For a leading Indian multi-national firm with a worldwide presence in different business areas, Q3 has developed a ChatBot for their shared services centre to help their employees with facilities and services internal to the organization.
The client is one of the largest Indian multinational firms, having business interests in engineering, construction, manufacturing goods, information technology, and financial services, and has offices worldwide.
Seeking specific information in an agile working environment is not as easy task. A virtual assistant such as ChatBot answers to the queries in a user-friendly manner. The Chatbot caters to the company needs and learns to interact depending on the situation faced.
The client required a common application to serve and assist all employees across all divisions, with internal organizational information and facilities, such as those based on an intranet and the employee-portal. The application needed to be easy-to-use, fast and interactive, encompassing features from different areas and departments, segregated accordingly.
According to the utility, a ChatBot seemed to accommodate all the requirements. Not only would it be easily accessible to all employees through a variety of channels, but it would account for information and features from all areas and departments. The ChatBot would consist of useful features such as FAQ and/or document derived information, Document/Form search, intranet-based ticketing-system, leave application, etc. along with a human-agent intervention for more complex issues and requests.
To accommodate the vast organizational requirements of the client, Q3 suggested a ChatBot based on the unique Nested-Bots Architecture. The concept of this architecture mimics a hierarchical chain-of-command, where a parent ChatBot – Concierge ChatBot – would be handling all incoming questions and request of the user, and based on the intent of the request, would redirect it to the respective child ChatBot of the respective department. The respective child ChatBot would process the request, ask any prompts for relevant information parameters, and execute the fulfilment of the request. For complex issues and queries, which other ChatBots may not be able to handle, a human intervention handoff was implemented, for a human agent to still be able to answer the request at a higher level. Therefore, all areas and categories of requests would be conveniently catered to.

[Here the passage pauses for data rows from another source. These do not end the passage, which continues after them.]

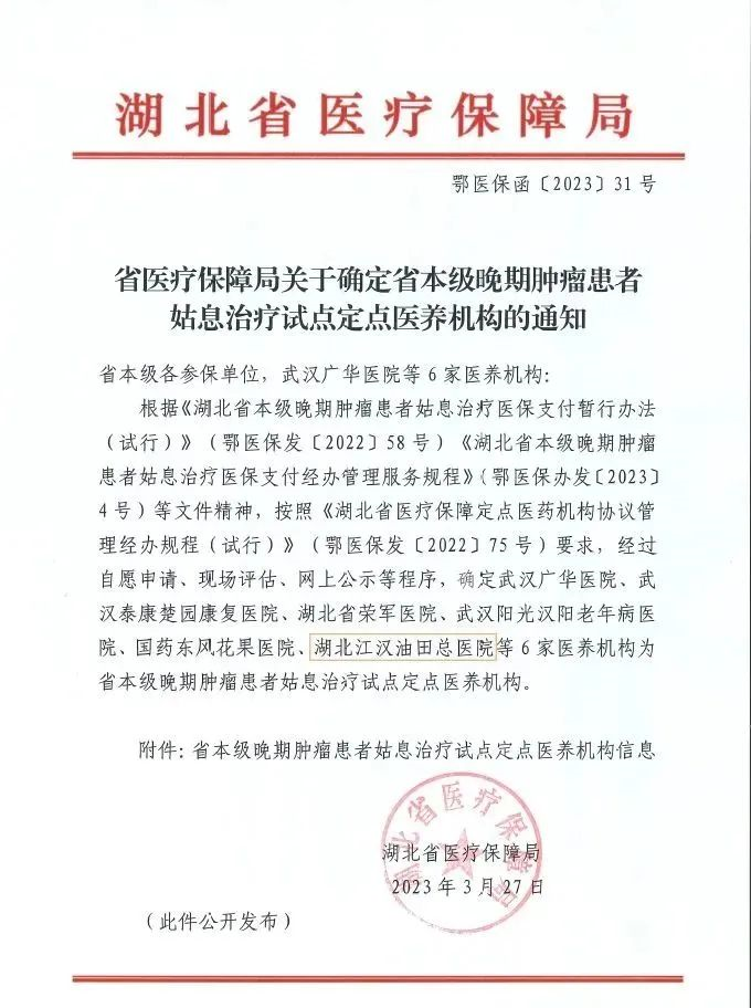 3月27日,湖北省医疗保障局公布省本级晚期肿瘤患者姑息治疗试点定点医养机构名单,湖北江汉油田总医院成为通过该评审的六家机构之一。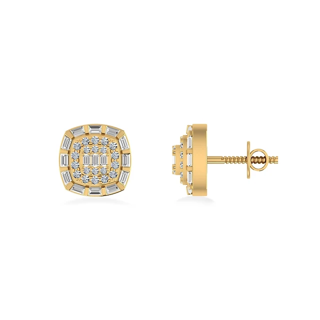 10K Gold Round Baguette Diamond Square Shape Designer Mens Stud Earring / Cttw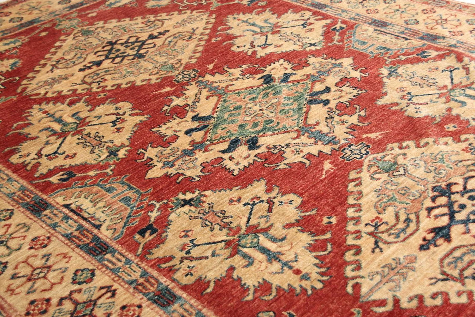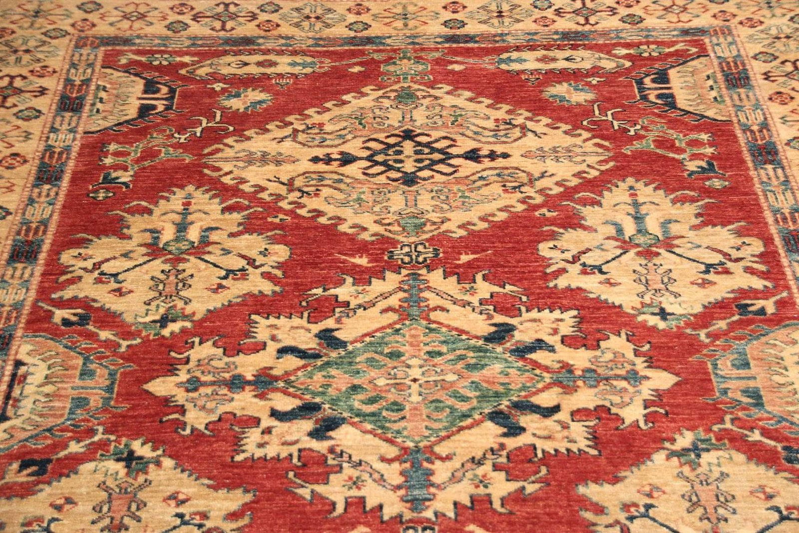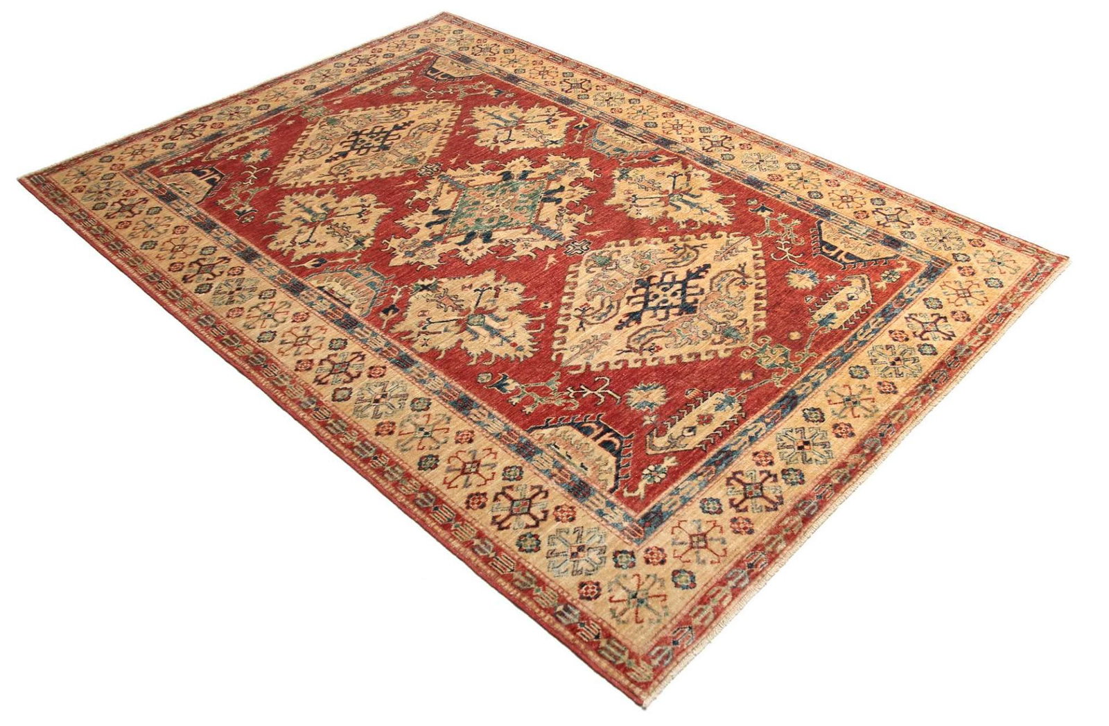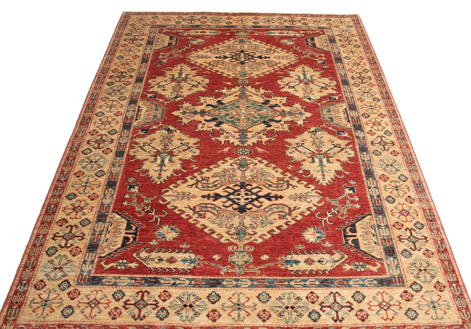 Kazak Teppich | Knotendichte: ca. 200.000 Knoten/m² | Material: 100% Schurwolle | Größe: 173 x 248 cm | Herkunft: Pakistan | Zustand: Handgeknüpft | Geometrische Muster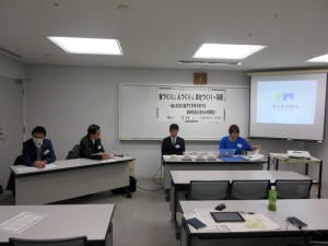 左から室長・坂本さん、座長・リグレッタ八木、報告者・佃さん、サポーター・岡さん・・・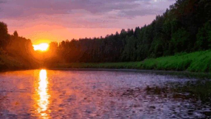 Над рекой повис золотой каймой.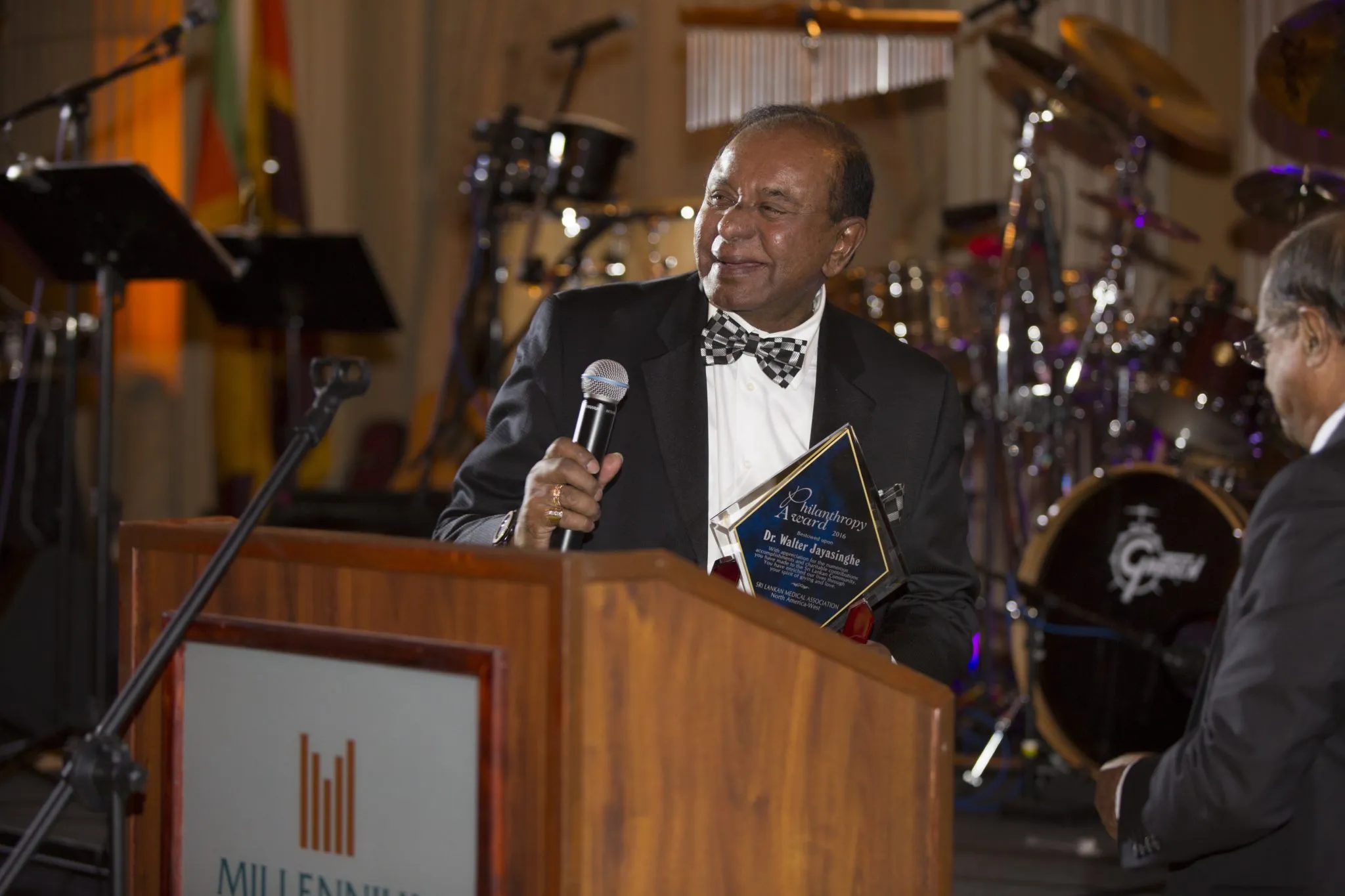 Amidst a standing ovation Dr. Walter Jayasinghe received the “Philanthropist of the Year” award at the Sri Lanka Medical Association North America-west’ biennial fundraiser “A Night of Hope.” Dr. Jayasinghe was bestowed this award for his desire to promote the welfare of others, generosity, kindness and humanitarianism.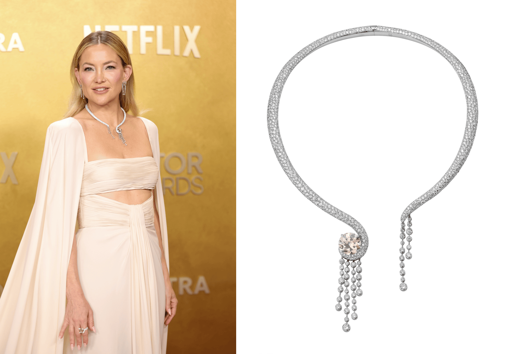凯特·哈德森(Kate Hudson)选择了一套源自Emily P. Wheeler的定制珠宝。其中最引人注目的是一条开放式扭矩项链,中央镶嵌着一颗色泽温润的浅干邑色沙漠钻石,指间则点缀着两枚设计大胆的气泡造型戒指,其主石均为产自博茨瓦纳的沙漠钻石。此外,她还佩戴了一枚品牌标志性“扭纹”系列的戒指,该作品经匠心独运地重新演绎,以东西朝向镶嵌着一颗干邑色马眼形切割钻石。最后,一副以浅干邑色沙漠钻石为主石的气泡流苏耳环璀璨点缀,为整体造型画上了点睛之笔。
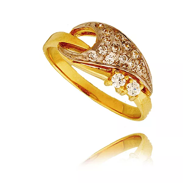 Stylowy pierścionek będący doskonałym wyborem dla osób ceniących jakość i estetykę. Subtelny połysk kamieni pięknie współgra z kolorem złota.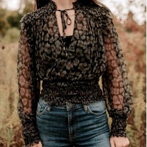 FREE PEOPLE TWYLA SPOTTED PRINT BLOUSE - Size XS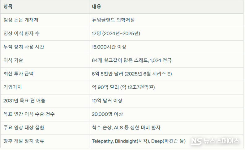 자금 조달 측면에서 뉴럴링크는 2025년 6월, 약 6억5000만 달러(약 8000억원)의 시리즈 E 투자 유치를 발표했으며, 기업가치는 약 90억 달러(약 12조7000억원)로 평가받고 있다. 이 자금은 임상 확대와 차세대 장치 개발에 투입될 예정이다.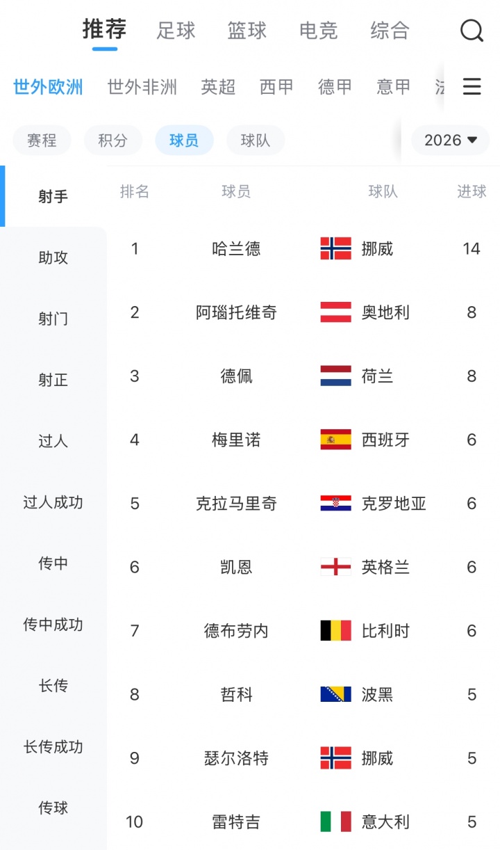 世初赛欧洲区当今的弓手榜,哈兰德14球断层领跑。他也基本详情拿下金靴。

The entire ChatBot application, along with the nested-bots architecture, was developed using the Microsoft Azure Bot Service, using LUIS (Microsoft Cognitive Services) as the Natural Language Processing engine. Multiple ChatBots were created according to the department (Human Resources, Project Management, etc.), catering to department-relevant features, which were then individually called from the Concierge ChatBot, which redirected the conversation based on identified intent.
Needless to say, Natural Language Processing plays a crucial role in this architecture and needs to be in the best shape with maximum training data, understanding all sentence structures and query phrases to recognize intents and extract entities. For ongoing maintenance and upgradation of the existing Natural Language Processing engine, a Robotic-Process-Automation framework was developed to ease and smoothen the process of continuous training of the NLP engine. The framework executed a cyclic process of extracting conversation logs from LUIS, processing and identifying misunderstood queries, feeding them for human intervention for accurate intent and entity mapping, feeding the new utterance to LUIS, and training and publishing the updated model. This framework was provided as a tool to the client, to supervise the training process.
The ChatBot itself was made accessible to all employees through a large variety of channels. Alongside customized web and mobile applications hosting the ChatBot, it was also made accessible through prominent messaging services used throughout the organization such as Skype, Skype for Business, Intranet portal etc. The ChatBot, hence, catered to users in the hundred thousands, by number, and was hosted on a suitably higher tier App Service, to accommodate and manage the resulting traffic.